Copy of Letter WII 4:2
Jamaica Plain, Mass., March 17th 1899
My dear Veitch:
I have this morning received your letter of March 8th. It is needless for me to say that I shall be glad to do anything in my power to help your collector when he appears here. I shall be in Washington a few days at a meeting of the National Academy on the 19th of April and I shall be leaving again probably for the south about the 1st of May. I hope therefore that he will come between those two dates, or delay coming here until about the 15th of May.
Dr. Henry is now in an almost semitropical country where there are no mountain ranges and it is not probable, although of course possible, that plants from that part of China would be hardy in England.

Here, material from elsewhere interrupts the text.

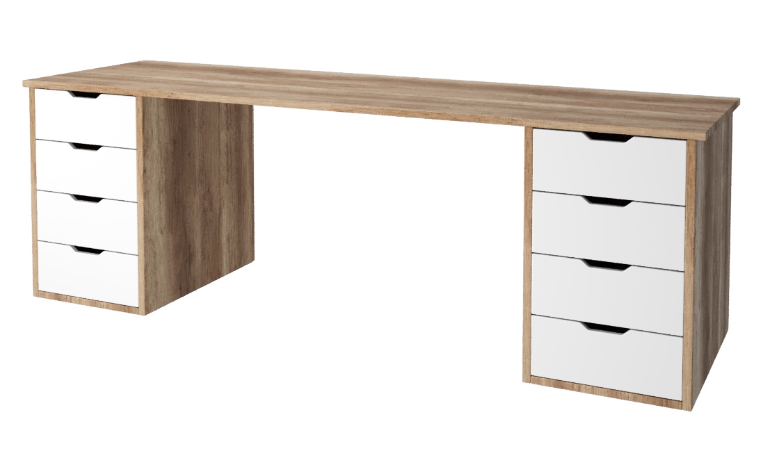 —Стол Дуэт 2000 мм (две тумбы) дуб каньон + белый. Столешница 22 мм

It takes about two months and a half to get a letter from Dr. Henry's present station to Boston, so that if your man left here on the 1st of May he would not reach Dr. Henry before August. Probably with delays at HongKong, Tonkin and other places en route, it would be the 1st of September before he found Dr. Henry. In this case I should think it would be desirable for him to remain with Dr. Henry during the autumn and early winter
at any rate, because if he left Southwestern Yu-nan, where Henry's station is, in September to go anywhere in central or northern China, he would reach a new collecting field too late to accomplish anything this year. In view of all this my idea would be that he might, after seeing Ford, go up the Yang-tse River to Ichang, which is now a treaty post and for many years Henry's headquarters, and collect there during the autumn. In this particular region we know that there are many trees and shrubs which have not yet been introduced into cultivation, and dried specimens of Henry's collecting in that part of China can be seen either at Kew or here; and a list of them could be made out from Dr. BretSchneider's new book which I suppose you have seen. Then in the winter when the collecting season about Ichang was over he might visit Dr. Henry if you wanted him to do so. This of course would take him to the South during the winter, when he could do nothing in central and northern China. My own idea is that the great fields to be worked are from Ichang westward to the mountainous region on the border between China and Thibet, and then northward in the territory watered by the upper Yellow River, and so on to Pekin and northward.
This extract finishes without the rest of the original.